Only 30% of the annual target has been reached so far, more than half-way through the year, a UN official in Khartoum has warned.
2 min read
25 July, 2017
A woman receiving treatment for a gunshot wound in South Sudan [AFP]
South Sudan is running out of emergency humanitarian supplies, as the international community is failing to meet the fundraising target required for 2017.

Only 30 percent of the annual target has been reached so far, more than half-way through the year, a UN official in Khartoum has warned.

"The shortfall is 70 percent and we are already in the middle of the year," said Arnauld Akodjenou, Regional Refugee Coordinator for South Sudan.

“We have the facility to help and provide food but the level of food is so low that we cannot.”

Oxfam International's executive director Winnie Byanyima said in May that a huge funding shortfall for relief efforts was threatening lives.

"The need is huge, the gap is huge," Byanyima said. "It needs to be filled urgently. When people die in a famine it's a sign of failure because you can prevent it if you act early enough."
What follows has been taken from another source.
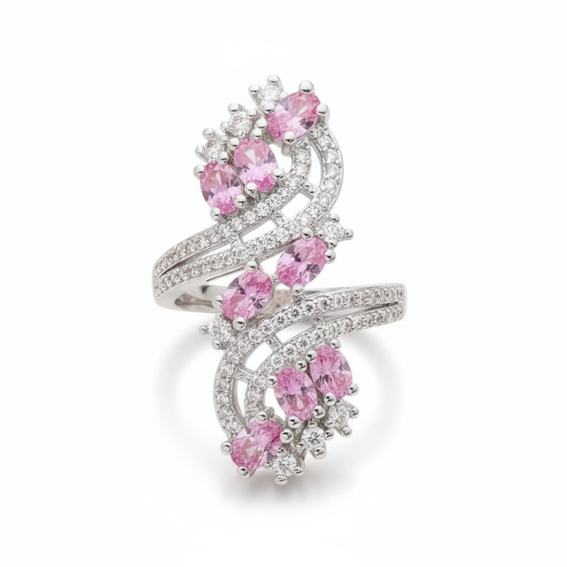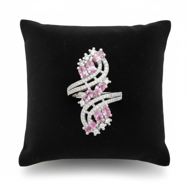 An extraordinary display of radiant pink sapphire gemstones, elegantly framed by shimmering pavé accents and set in polished sterling silver. The intricate openwork design delivers exceptional brilliance and refined glamour, making this ring a statement of true luxury and sophistication.

In February, South Sudan and the United Nations formally declared a famine in some parts of the northern Greater Unity region affecting 100,000 people, a disaster UN officials said was "man-made" and could have been averted.

This is largely the result of civil war that erupted in December 2013 when a power struggle erupted between President Salva Kiir and his former deputy Riek Machar. Tens of thousands died and more than 3.5 million have been displaced.

The UN's agencies for refugees (UNHCR) and children's welfare (UNICEF) reported earlier this year that the number of children who had fled the country exceeded the one million mark for the first time.

On July 8, the US announced an additional $466 million in aid for countries suffering from famine, bringing its total aid budget to $1.4 billion.

The UN made an appeal earlier this year for $4.4 billion to address the global crisis, but as of the end of May, it was only 30 percent funded.